▸ ABOUT THIS EXERCISE:
In the listing that follows, the range to quote begins at the line that has "настроить базовую инфраструктуру" and ends after the line that has "刺客信条格斗爪刀 全长:20.3cm 刃长:9.9cm"; quote it verbatim and add nothing.

▸ SOURCE DATA:
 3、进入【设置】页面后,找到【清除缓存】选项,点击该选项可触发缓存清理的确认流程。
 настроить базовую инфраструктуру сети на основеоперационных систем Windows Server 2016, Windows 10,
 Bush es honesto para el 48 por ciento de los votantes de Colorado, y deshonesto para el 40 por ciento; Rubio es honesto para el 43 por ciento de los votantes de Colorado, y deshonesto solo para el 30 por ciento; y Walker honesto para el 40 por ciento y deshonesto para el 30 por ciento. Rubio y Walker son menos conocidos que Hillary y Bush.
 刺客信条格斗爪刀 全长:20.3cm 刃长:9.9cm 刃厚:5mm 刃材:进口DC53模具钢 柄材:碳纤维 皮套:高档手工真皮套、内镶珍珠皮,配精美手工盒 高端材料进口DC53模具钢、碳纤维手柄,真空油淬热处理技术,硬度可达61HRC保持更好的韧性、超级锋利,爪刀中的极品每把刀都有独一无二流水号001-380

--

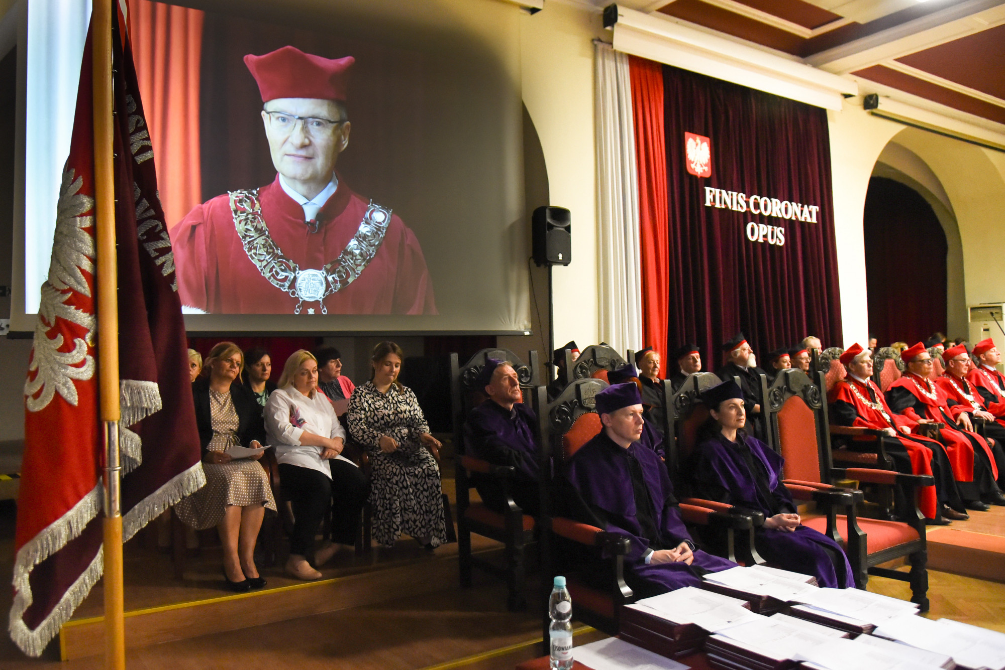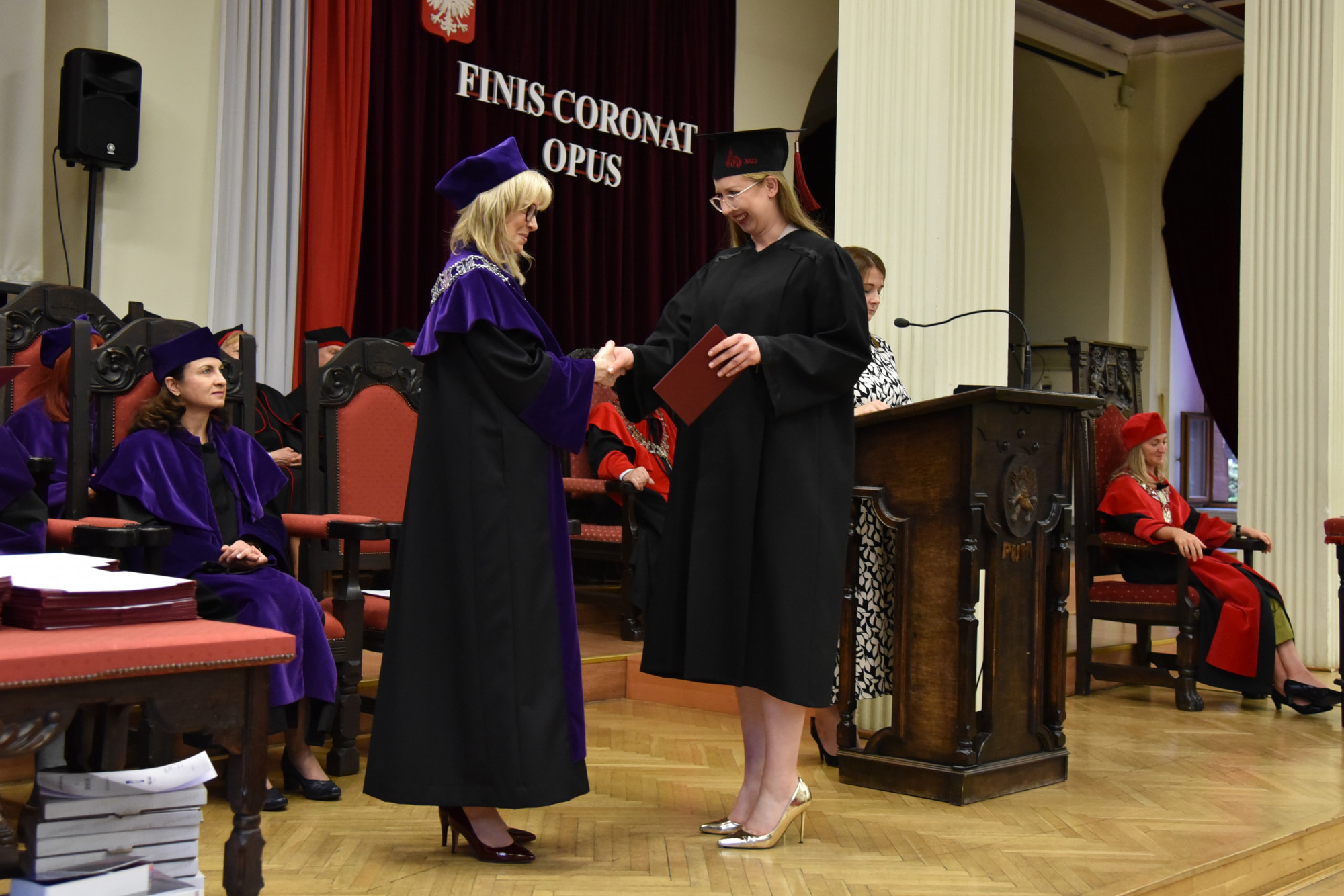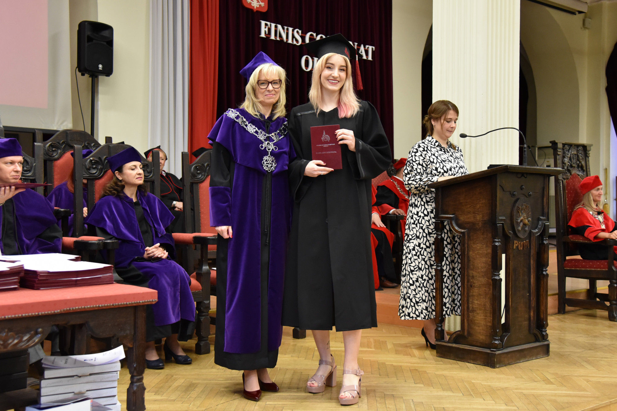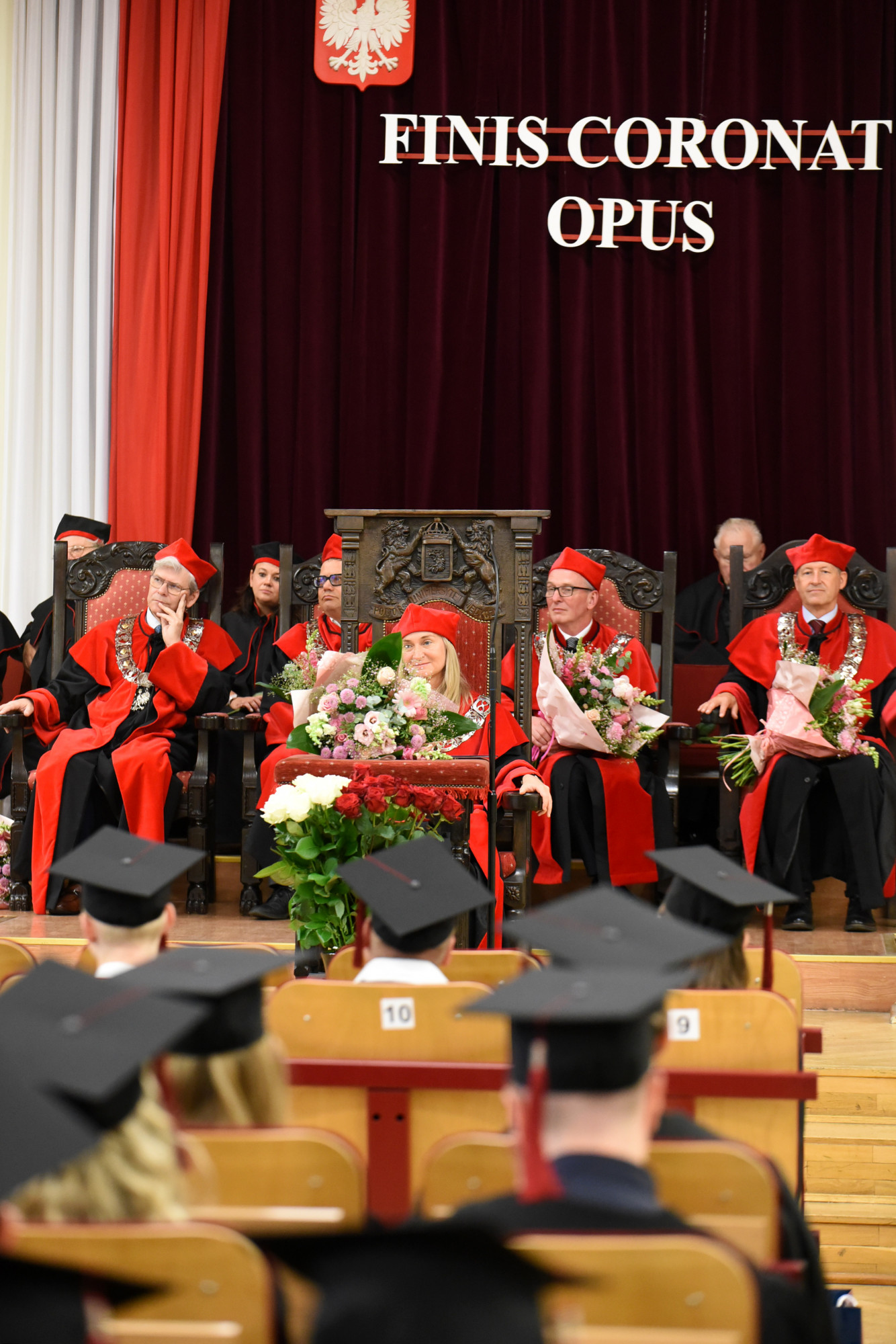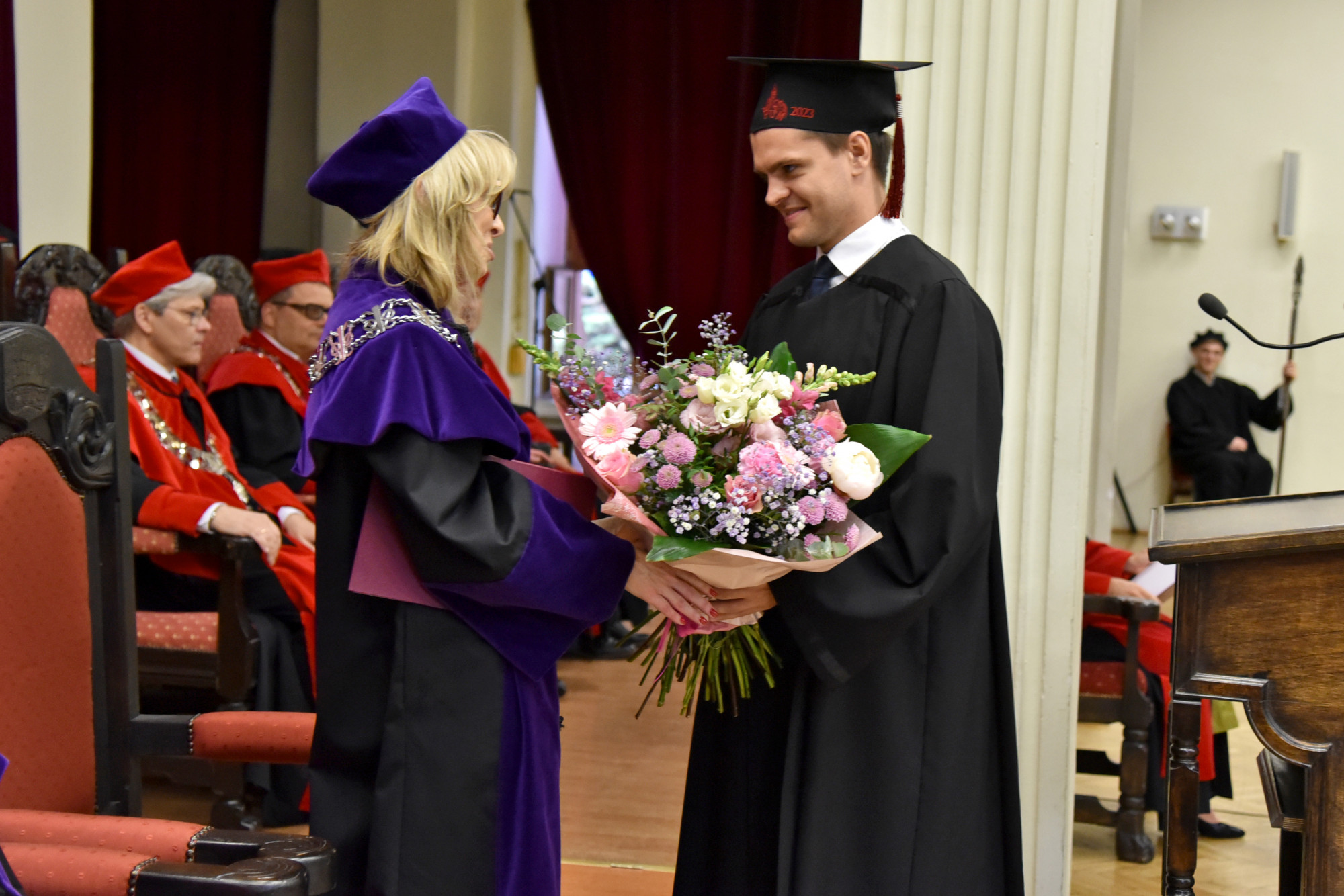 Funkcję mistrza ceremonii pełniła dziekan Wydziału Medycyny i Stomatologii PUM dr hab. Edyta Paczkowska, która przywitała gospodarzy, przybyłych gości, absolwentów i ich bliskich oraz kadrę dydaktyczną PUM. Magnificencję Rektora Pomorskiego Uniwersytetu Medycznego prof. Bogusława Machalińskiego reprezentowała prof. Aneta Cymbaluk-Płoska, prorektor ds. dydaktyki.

▸ YOUR SOLUTION:
 настроить базовую инфраструктуру сети на основеоперационных систем Windows Server 2016, Windows 10,
 Bush es honesto para el 48 por ciento de los votantes de Colorado, y deshonesto para el 40 por ciento; Rubio es honesto para el 43 por ciento de los votantes de Colorado, y deshonesto solo para el 30 por ciento; y Walker honesto para el 40 por ciento y deshonesto para el 30 por ciento. Rubio y Walker son menos conocidos que Hillary y Bush.
 刺客信条格斗爪刀 全长:20.3cm 刃长:9.9cm 刃厚:5mm 刃材:进口DC53模具钢 柄材:碳纤维 皮套:高档手工真皮套、内镶珍珠皮,配精美手工盒 高端材料进口DC53模具钢、碳纤维手柄,真空油淬热处理技术,硬度可达61HRC保持更好的韧性、超级锋利,爪刀中的极品每把刀都有独一无二流水号001-380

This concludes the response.